Guterres’ tepid reaction was a sharp contrast to that of U.N. human rights chief Zeid Ra’ad al-Hussein, who called Liu “China’s iconic peace and democracy figure” and urged Chinese authorities to guarantee his wife, Liu Xia, “freedom of movement, and allow her to travel abroad should she wish so.”
Zeid said Liu “devoted his life to defending and promoting human rights, peacefully and consistently,” and “was the definition of civic courage and human dignity — a poet and intellectual who wanted, and strove for, a better future for his country.”
“Despite all he suffered, (he) continued to espouse the politics of peace,” the U.N. high commissioner for human rights said. “He was and will continue to be an inspiration and an example for all human rights defenders.”
Germany’s foreign minister is urging the Chinese government to let Liu Xiaobo’s wife and brother leave the country following the death of the Nobel Peace Prize laureate.
Berlin had urged Beijing in recent days to let Liu leave China for treatment abroad, possibly in Germany.
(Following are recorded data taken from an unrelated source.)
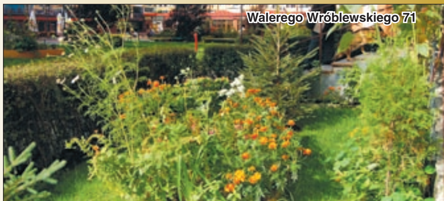
Walerego Wróblewskiego 71

Wkrótce przed nami spotkanie z laureatami Zielonego Konkursu. Redakcja „MS” dziękuje pracownikom administracji oraz przedstawicielom Rad Osiedlowych za pomoc w wyłonieniu tegorocz-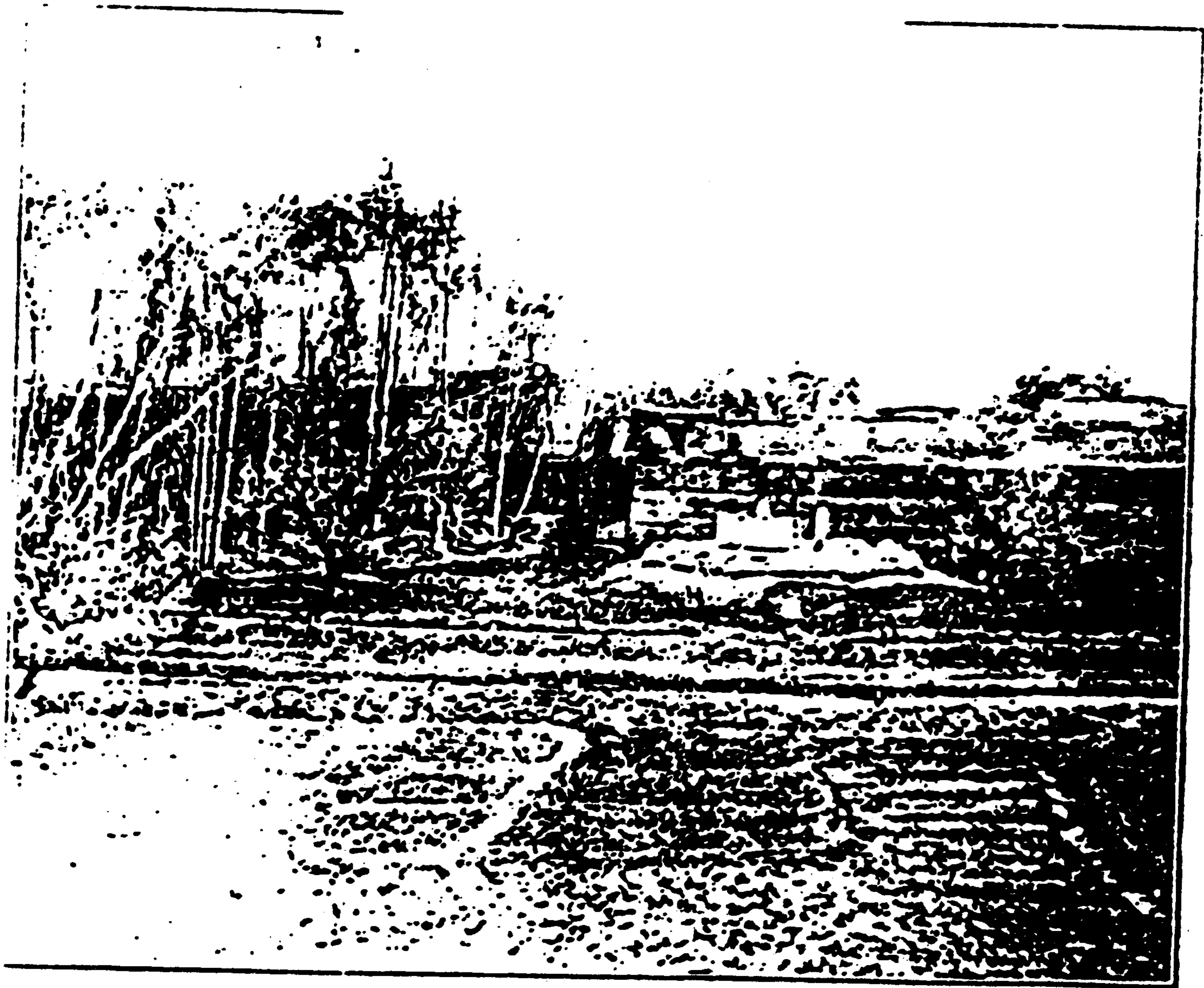
د مولف استورکنځي ته څرمه باغچه - د باغچې په کونج کې زیارت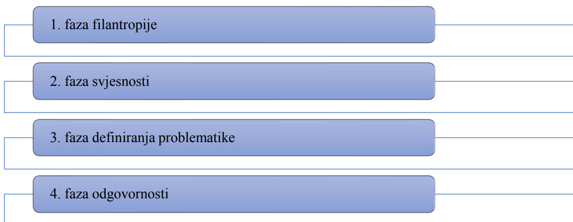
Shema 4 - područja društveno odgovornog poslovanja

Izvor: Vlastita izrada prema: Carroll, A.B. „A History of Corporate Social Responsibility“, Oxford University Press, 2008., str. 26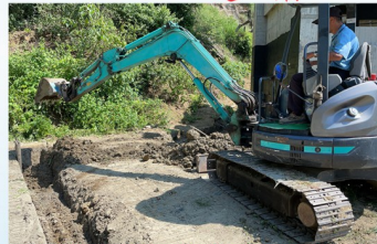
水保工程-施做排水設施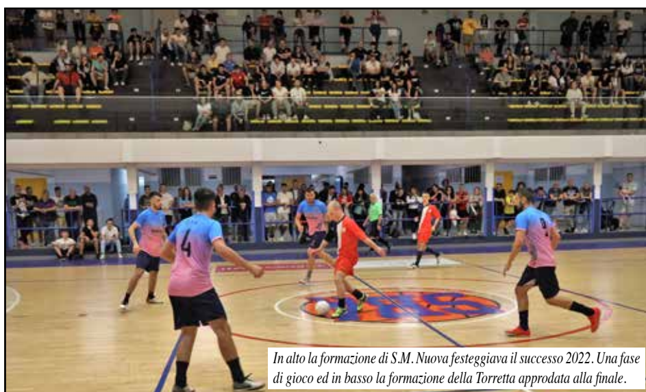
In alto la formazione di S.M. Nuova festeggiava il successo 2022. Una fase di gioco ed in basso la formazione della Torretta approdata alla finale.

Foreign Minister Sigmar Gabriel said Thursday he “deeply regrets” that China didn’t let Liu and his wife, Liu Xia, travel to Germany.
He urged China to lift restrictions on Liu Xia’s movements and communications and added, “She and her brother, Liu Hui, should immediately be allowed to leave for Germany or another country of their choice if they wish to.”
Gabriel also urged China to look in a “credible and transparent way” into whether Liu Xiaobo’s illness could and should have been detected earlier.
Liu was transferred to a hospital after being diagnosed with advanced liver cancer in prison in May but remained under police custody.